In Venezuela, people are so obsessed with pageants that they send their daughters to "Miss Factories," to train them to win. At these factories, underage girls undergo plastic surgery and hormone therapy to delay puberty in attempts to grow taller. In addition, they often get mesh sewn onto their tongues so that they are physically incapable of eating solid food. This idea of taking horrific measures to look slimmer is not unique to Venezuela. A former Miss USA explained that she would "slather on hemorrhoid ointment, wrap herself up with Saran wrap, and run on a treadmill with an incline for 30 minutes to tighten her skin and waist up." Many countries, including France and Israel have banned child beauty pageants because it is "hypersexualizing." Why has the US yet to follow in their footsteps?

Additionally, the pageants strip their young contestants of a childhood by basically putting them through harsh child labor. Oftentimes, girls as young as 18 months old participate in pageants. There is no way that a girl under 2 years old has the capacity to decide for herself that she wants to participate in a beauty pageant. Not to mention, education often takes a backseat in pageant girls' lives as long practice sessions interfere with sleep and homework. This causes long-term distress for the contestants, including widespread unemployment for former pageant girls.

Moreover, these pageants tie self-worth and self-esteem to attractiveness. They teach girls that natural beauty and intelligence are not enough, when in actuality they should be doing the opposite. In fact, 72% of pageant girls hire coaches to train girls to be more "attractive."

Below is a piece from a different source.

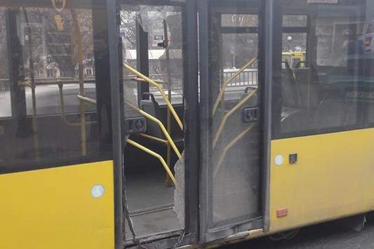 В Киеве сегодня утром, 31 января, пассажиры повредили дверь троллейбуса, разбив стекло.
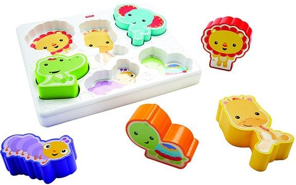 Сортер Fisher Price от Mattel поможет малышу понять, как следует соотносить размер и форму предметов. Сортер представляет собой плоскую прямоугольную дощечку с выемками, в которые малыш должен будет вложить фигурки, соответствующие формам и размерам выемок. Крупные формочки для сортера сделаны в виде животных с забавными рожицами. На каждой выемке дощечки есть рисунок, идентичный рисунку на формочке.

Finally, these pageants pose potent health risks for the girls competing. Not only do intense rehearsals interfere with their sleep cycles, but they are also impacted by the harmful methods taken to keep them awake. One example is Honey Boo Boo's "go go juice" - AKA a mixture of Mountain Dew and Red Bull. She is known for drinking this continuously throughout pageant days to stay awake and energetic - but the health risks associated with the drinks, let alone for such a young girl, are completely ignored.

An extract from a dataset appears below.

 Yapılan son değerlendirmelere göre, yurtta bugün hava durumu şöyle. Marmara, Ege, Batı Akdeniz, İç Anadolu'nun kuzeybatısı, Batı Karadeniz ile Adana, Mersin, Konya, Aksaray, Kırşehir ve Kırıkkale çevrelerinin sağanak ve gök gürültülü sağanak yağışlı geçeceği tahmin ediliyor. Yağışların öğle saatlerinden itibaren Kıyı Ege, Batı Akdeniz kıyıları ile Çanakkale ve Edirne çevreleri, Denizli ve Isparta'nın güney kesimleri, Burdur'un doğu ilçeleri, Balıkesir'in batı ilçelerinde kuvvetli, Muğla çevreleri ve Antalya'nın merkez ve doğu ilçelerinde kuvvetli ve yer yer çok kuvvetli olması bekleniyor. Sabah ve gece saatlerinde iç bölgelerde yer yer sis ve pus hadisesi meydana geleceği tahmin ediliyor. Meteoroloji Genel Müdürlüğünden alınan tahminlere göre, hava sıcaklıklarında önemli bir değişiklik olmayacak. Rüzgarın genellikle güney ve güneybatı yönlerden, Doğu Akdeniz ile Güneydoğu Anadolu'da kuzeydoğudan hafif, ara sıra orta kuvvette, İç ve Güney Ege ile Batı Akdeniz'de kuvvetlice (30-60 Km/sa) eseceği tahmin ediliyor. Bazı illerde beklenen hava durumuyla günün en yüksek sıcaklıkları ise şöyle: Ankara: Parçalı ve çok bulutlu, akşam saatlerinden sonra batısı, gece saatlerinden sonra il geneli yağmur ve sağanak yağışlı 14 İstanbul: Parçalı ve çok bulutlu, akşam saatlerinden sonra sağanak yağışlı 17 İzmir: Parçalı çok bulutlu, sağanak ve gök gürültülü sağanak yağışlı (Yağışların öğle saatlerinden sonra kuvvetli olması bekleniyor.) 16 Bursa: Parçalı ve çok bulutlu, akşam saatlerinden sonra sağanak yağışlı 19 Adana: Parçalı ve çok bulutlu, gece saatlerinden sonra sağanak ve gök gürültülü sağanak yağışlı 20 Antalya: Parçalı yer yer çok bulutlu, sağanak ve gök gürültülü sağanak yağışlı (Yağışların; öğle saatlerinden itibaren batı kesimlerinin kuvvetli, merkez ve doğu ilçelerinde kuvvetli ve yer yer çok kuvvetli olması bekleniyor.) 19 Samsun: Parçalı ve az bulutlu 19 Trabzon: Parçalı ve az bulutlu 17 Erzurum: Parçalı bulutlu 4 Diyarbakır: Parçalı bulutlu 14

And, the future health problems associated with pageantry cannot be looked past. Participating in beauty pageants as kids leads to eating disorders, perfectionism, depression - in fact, at least 6% suffer from depression while competing. "The Princess Syndrome," as Psychology Today calls it relates to a small study published in 2005 that showed that former childhood beauty pageant contestants had higher rates of body dissatisfaction. This sense of dissatisfaction can so easily be translated to more severe mental and physical health issues, including depression, anxiety, and eating disorders. The average BMI (Body Mass Index) of a Beauty Contestant in the US in 1930 was 20.8, which is universally in the middle of the "healthy" range. In 2010, it was 16.9, which is considered underweight for anyone.

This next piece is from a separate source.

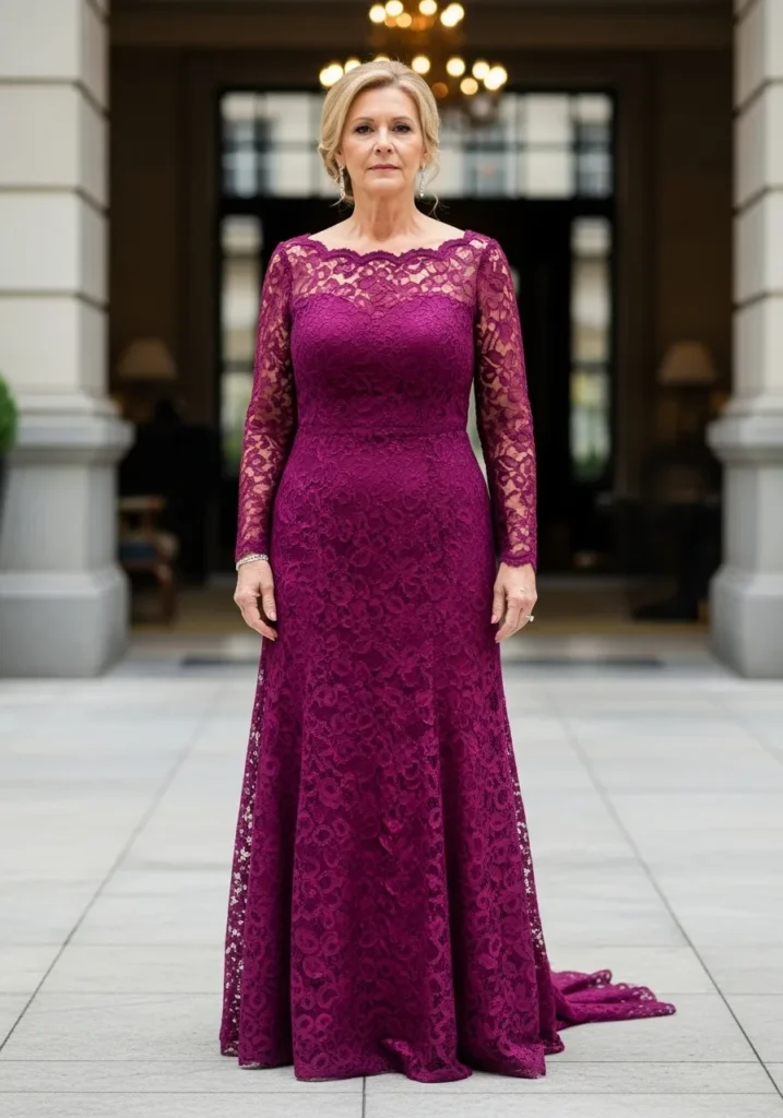 This striking deep berry lace gown showcases a fitted bodice, sheer lace sleeves, and a floor length skirt that creates a bold and glamorous silhouette. The rich color adds depth and drama, while the lace detailing keeps everything elegant and romantic.

So, despite the entertainment these shows and pageants provide, they should most definitely be stopped due to the immense amount of issues they cause for those involved and those who watch.

Although Honey Boo Boo is (sadly) considered one of America's sweethearts, her experience in pageantry has certainly not been a positive influence in her life nor in the lives of her fans - and this is the case for nearly all young pageant girls.